We can see that the moving average method worked pretty well. The moving average predictive model is one which simply relies on the average of the historical data. The performance of naive and drift methods in this seasonal time series are close to each other.
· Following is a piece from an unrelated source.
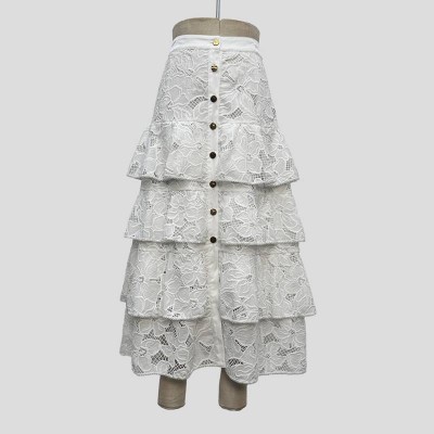 White Lace Ruffle Button Midi Skirt Elegant High Waist Tiered Skirt

But naive, seasonal naive, and drift methods worked poorly compared to the moving average method.

1.4 Accuracy Metrics

We will use the mean absolute prediction error (MAPE) to compare the performance of the four forecasting methods.

true.value = sunSpots[2806:2820]
PE.mv =  100*(true.value - pred.mv)/true.value
PE.naive =  100*(true.value - pred.naive)/true.value
PE.snaive =  100*(true.value - pred.snaive)/true.value
PE.rwf =  100*(true.value - pred.rwf)/true.value
##
MAPE.mv = mean(abs(PE.mv))
MAPE.naive = mean(abs(PE.naive))
MAPE.snaive = mean(abs(PE.snaive))
MAPE.rwf = mean(abs(PE.rwf))
##
MAPE = c(MAPE.mv, MAPE.naive, MAPE.snaive, MAPE.rwf)
## residual-based Error
e.mv = true.value - pred.mv
e.naive = true.value - pred.naive
e.snaive = true.value - pred.snaive
e.rwf = true.value - pred.rwf
## MAD
MAD.mv = sum(abs(e.mv))
MAD.naive = sum(abs(e.naive))
MAD.snaive = sum(abs(e.snaive))
MAD.rwf = sum(abs(e.rwf))
MAD = c(MAD.mv, MAD.naive, MAD.snaive, MAD.rwf)
## MSE
MSE.mv = mean((e.mv)^2)
MSE.naive = mean((e.naive)^2)
MSE.snaive = mean((e.snaive)^2)
MSE.rwf = mean((e.rwf)^2)
MSE = c(MSE.mv, MSE.naive, MSE.snaive, MSE.rwf)
##
accuracy.table = cbind(MAPE = MAPE, MAD = MAD, MSE = MSE)
row.names(accuracy.table) = c("Moving Average", "Naive", "Seasonal Naive", "Drift")
kable(accuracy.table, caption ="Overall performance of the four forecasting methods")
Overall performance of the four forecasting methods
MAPE MAD MSE
Moving Average 35.21840 424.9160 1197.977
Naive 35.26579 426.4000 1207.949
Seasonal Naive 69.57910 593.2000 2334.351
Drift 35.26507 426.4947 1208.491

In summary, the moving average method has the best performance. Note that the methods introduced in this module are baseline forecasting. They are all descriptive since we did not use any statistical assumptions. In the next module, we will introduce a few formal non-parametric forecasting methods - exponential forecasting methods. We will use the same accuracy measures to compare different forecasting methods.